LLM-Planner: Few-Shot Grounded Planning for Embodied Agents with Large Language Models (2212.04088v3)

Published 8 Dec 2022 in cs.AI, cs.CL, cs.CV, cs.LG, and cs.RO

Abstract: This study focuses on using LLMs as a planner for embodied agents that can follow natural language instructions to complete complex tasks in a visually-perceived environment. The high data cost and poor sample efficiency of existing methods hinders the development of versatile agents that are capable of many tasks and can learn new tasks quickly. In this work, we propose a novel method, LLM-Planner, that harnesses the power of LLMs to do few-shot planning for embodied agents. We further propose a simple but effective way to enhance LLMs with physical grounding to generate and update plans that are grounded in the current environment. Experiments on the ALFRED dataset show that our method can achieve very competitive few-shot performance: Despite using less than 0.5% of paired training data, LLM-Planner achieves competitive performance with recent baselines that are trained using the full training data. Existing methods can barely complete any task successfully under the same few-shot setting. Our work opens the door for developing versatile and sample-efficient embodied agents that can quickly learn many tasks. Website: https://dki-lab.github.io/LLM-Planner

Citations (292)

View on Semantic Scholar

Summary

The paper introduces a novel few-shot planning method that generates high-level subgoals for embodied agents with minimal labeled data.
It employs a hierarchical framework that separates subgoal generation from low-level action execution, enhancing planning precision.
Dynamic grounded re-planning allows the system to adapt plans based on real-time environmental feedback, achieving a 15.36% success rate on unseen tasks.

LLM-Planner: Few-Shot Grounded Planning for Embodied Agents with LLMs

Introduction

This paper introduces the concept of using LLMs as planners for embodied agents, specifically focusing on the task of following natural language instructions in visually-perceived environments. The proposed system, LLM-Planner, leverages the capabilities of LLMs such as GPT-3 for few-shot high-level planning. This approach addresses the high data cost and low sample efficiency issues prevalent in contemporary models, which traditionally require extensive labeled examples to learn new tasks. LLM-Planner utilizes physical grounding to enhance planning, facilitating dynamic plan updates based on environmental feedback.

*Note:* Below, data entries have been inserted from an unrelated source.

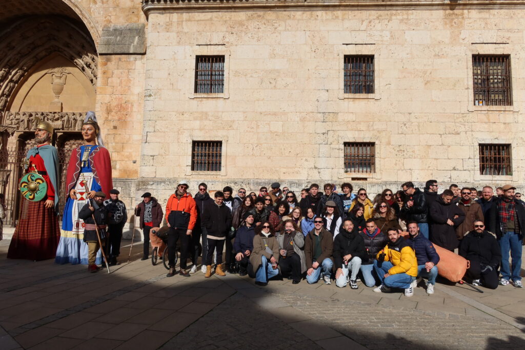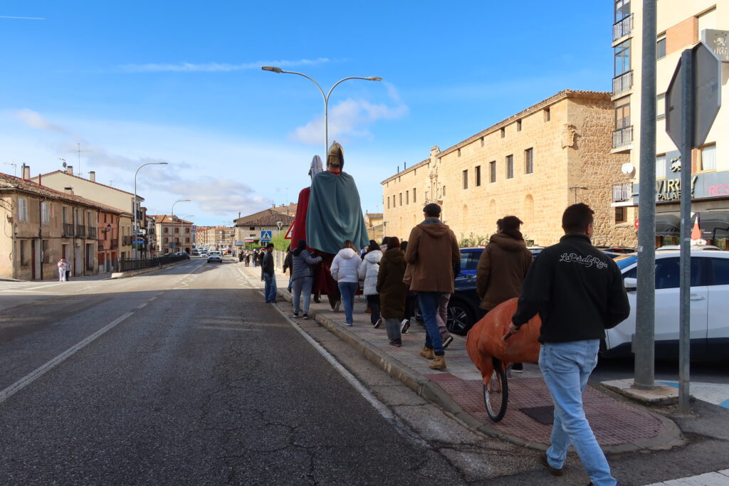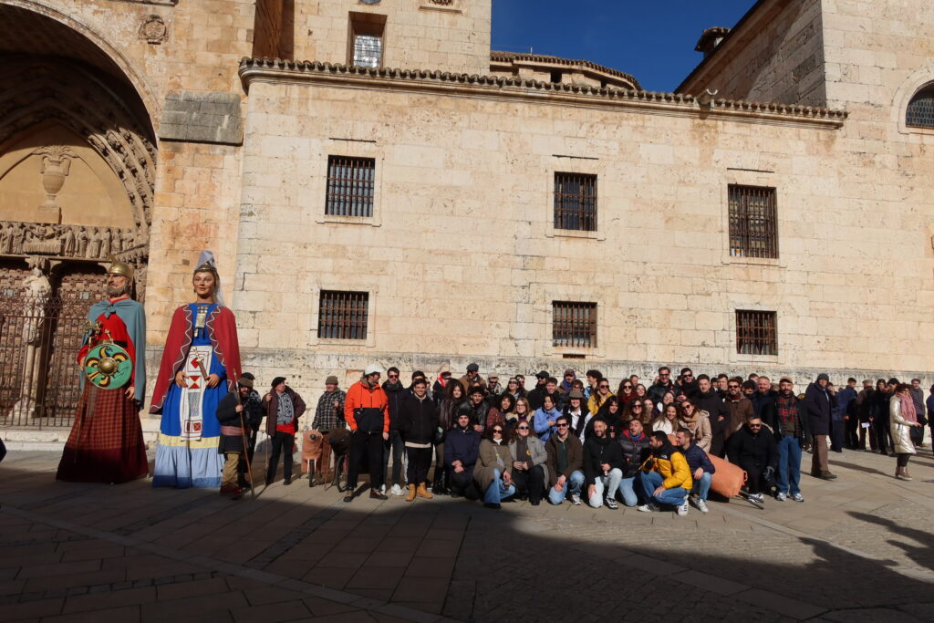 Dio comienzo el pasacalles. El tiempo nos bendijo con un sol radiante y un cielo turquesa, a pesar de lo que presagiaba la AEMET. El frío cortaba, pero no a nosotros, que no paramos de correr delante de los tres gruesos cochinos de fieltro, empujados por asistentes al evento (saraut infinito para todxs lxs que hicieron de cochinos). Los gigantes escoltaban la alegre y torpe comitiva -torpes y alegres ellos también, pues los portaban los amigos de Dj Plástico, de los que ahora hablaremos- y los dulzaineros la animaban. Armando, con su indumentaria histórica, explicaba el origen de esta tradición del Burgo: “En 1756…”. Tenéis la histórica anécdota completa en la crónica del Orgullo Matancero del año pasado. Las cervezas y los vermuts iban bajando y en cuestión de una hora estábamos en la plaza de la catedral, donde se hizo foto de grupo y donde nos encontramos con la Banda Municipal del Burgo de Osma, que se había reunido para celebrar Santa Cecilia, patrona de los músicos.
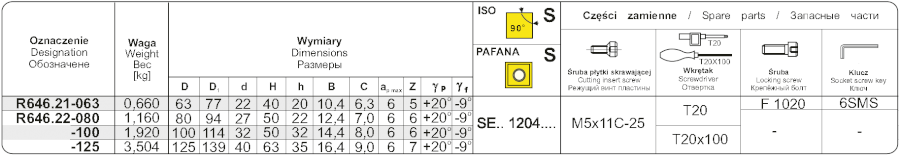 Nástrčná fréza R646.22-100 pravotočivá s průměrem pracovní části 100 mm. Čelní fréza k=45° (D podle normy). Do frézy se upínají destičky typu S - čtvercového tvaru, způsob upínání destiček S - šroubem v kuželovém otvoru. Typ uchycení frézy A - v těle
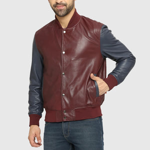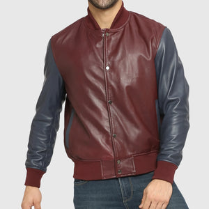 Swagger Men’s Genuine Leather Jacket | Sporty Leather Jacket | Cherry Brown
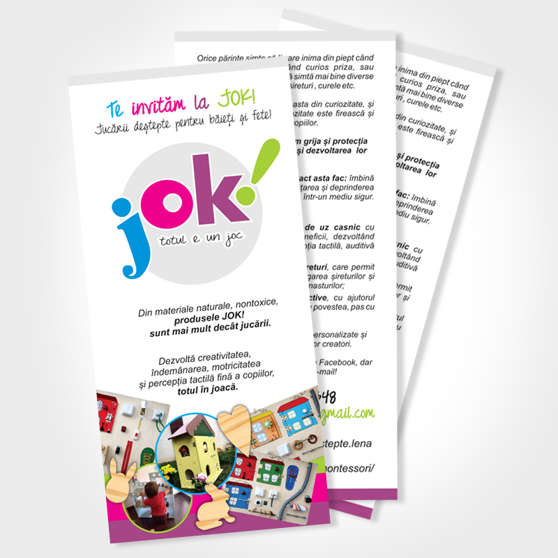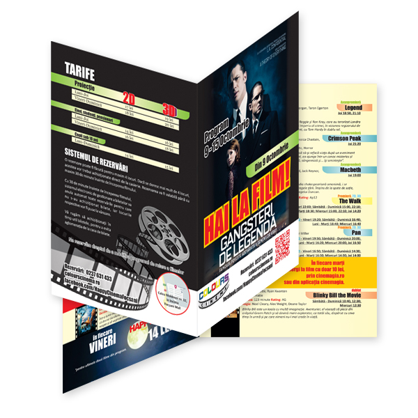 »La alegere, Flyer (1/3 din A4) sau Pliant triptic (A4 îndoit în 3) sau Flyer A5, cu informațiile pe care vrei să le promovezi. Primești fișierele în format TIF, acceptat de orice tipografie și print-shop, la rezoluție perfectă pentru tipar.

Figure 1: An illustration of LLM-Planner for high-level planning, highlighting the re-planning mechanism when agents get stuck.

Framework

Hierarchical Planning

The LLM-Planner employs a hierarchical planning structure consisting of high-level and low-level planners. The high-level planner generates a sequence of subgoals based on natural language instructions using LLMs. These subgoals guide the agent in achieving the final task objective. The low-level planner then translates each subgoal into primitive actions tailored to the current environment, decoupled from language instructions once the high-level plan is established.

Dynamic Grounded Re-planning

The innovation in dynamic grounded re-planning allows agents to adapt plans based on observations, thus grounding the LLM's decisions in physical reality. When the agent struggles to achieve a subgoal, environmental cues prompt the LLM to update the plan, considering newly perceived objects and contextual information.

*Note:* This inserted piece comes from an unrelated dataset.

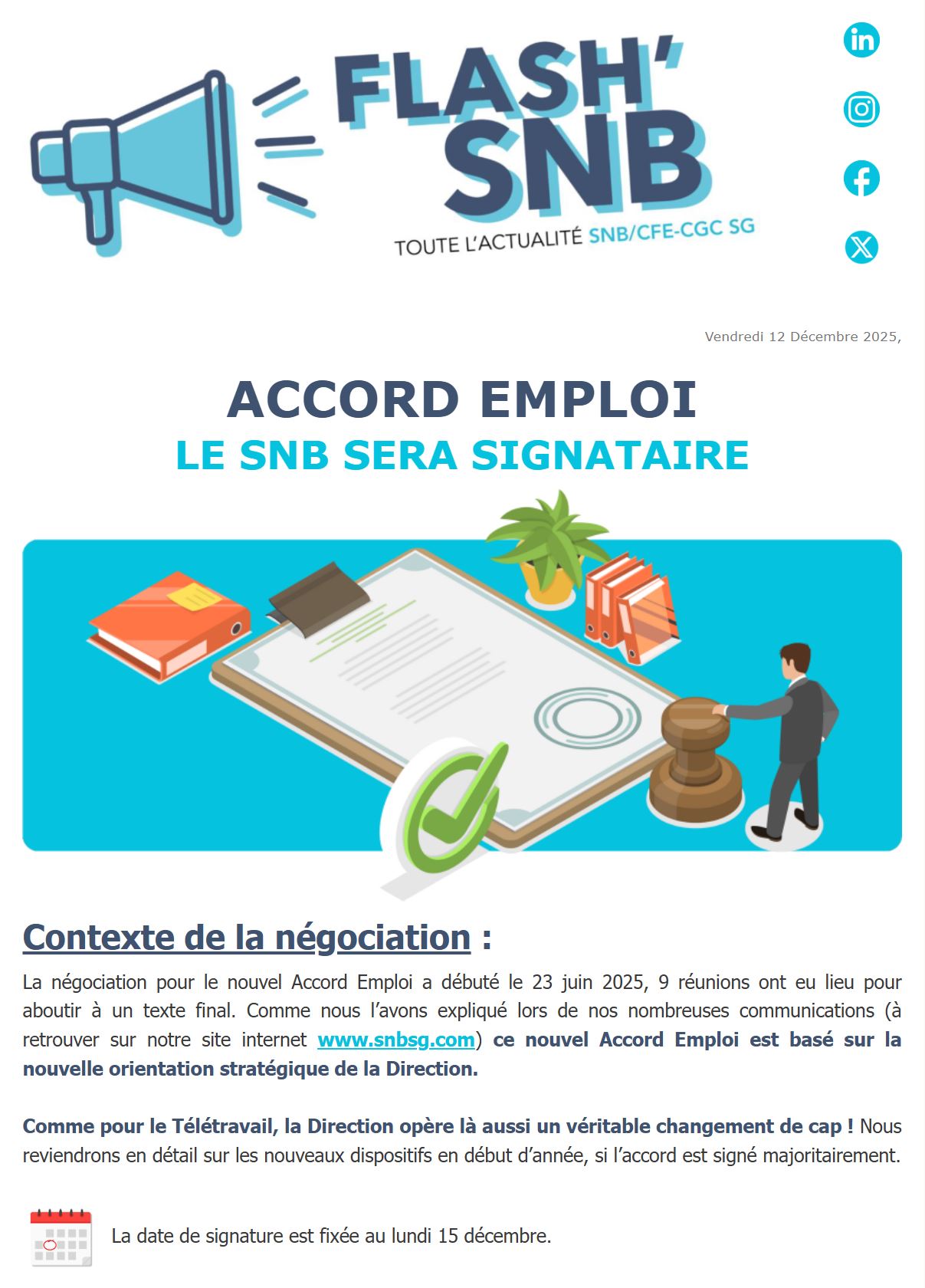 ACCORD EMPLOI : Le SNB sera signataire ✍️ 12 décembre 2025|Actualité Centraux, Actualité Réseaux, Actualités, Centraux, Réseau| Partagez cette info ! FacebookXLinkedInEmail Articles similaires N.A.O : Pour le SNB les salariés méritent PLUS ! 9 décembre 2025 N.A.O : 1ère Réunion 💶 3 décembre 2025 En direct du CSEC Novembre 2025 : Comptes-Rendus des Commissions 28 novembre 2025 ACCORD EMPLOI : Où en sommes-nous ? 25 novembre 2025

Figure 2: Overview of LLM-Planner with prompt design and grounded re-planning.

Experiments and Results

Dataset and Metrics

The ALFRED dataset serves as the testing ground, featuring diverse tasks and complex environments. Evaluation metrics include success rate, goal-condition success rate, and a novel high-level planning accuracy metric to directly assess performance.

Performance Evaluation

The LLM-Planner demonstrates competitive performance using under 0.5% of the data compared to full dataset models like HLSM. It substantially outperforms several baselines under few-shot settings, exhibiting 15.36% success rate on unseen valid splits—a marked improvement over traditional approaches.

Figure 3: Success rate by task type on ALFRED valid unseen split.

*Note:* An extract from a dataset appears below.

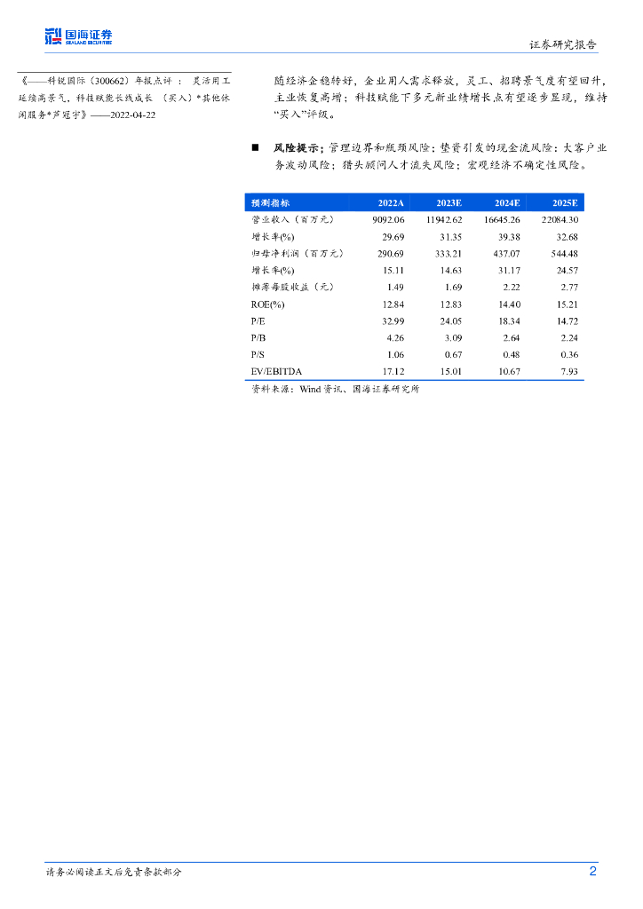 国海证券:科锐国际(300662)-2023Q1点评:基本面筑底,业绩有望逐季改善.pdf

Implementation and Integration

Prompt Design

Optimal prompt design is critical for harnessing GPT-3's planning capabilities. The final prompt structure incorporates task explanations, goal instructions, and environmental cues. In-context examples are selectively retrieved using a kNN mechanism, enhancing accuracy.

System Integration

Integrating LLM-Planner into existing frameworks involves employing the high-level planner's outputs in tandem with pre-trained models for perception and navigation. Notably, the grounded re-planning algorithm dynamically adjusts as tasks progress, ensuring resilience and adaptability.

Future Directions

Future research could explore expanding the model's capabilities by integrating more advanced LLMs and refining grounding techniques. Additionally, real-world deployment could benefit from improved environmental interaction models and object detectors to further augment performance.

Conclusion

LLM-Planner represents a significant advancement in few-shot planning for embodied agents, offering a scalable, versatile solution that mitigates the traditional reliance on extensive annotated training data while exhibiting robust performance across complex tasks.

The findings indicate promising pathways for leveraging LLMs in autonomous navigation and task execution, paving the way for more intelligent, adaptable robotic systems.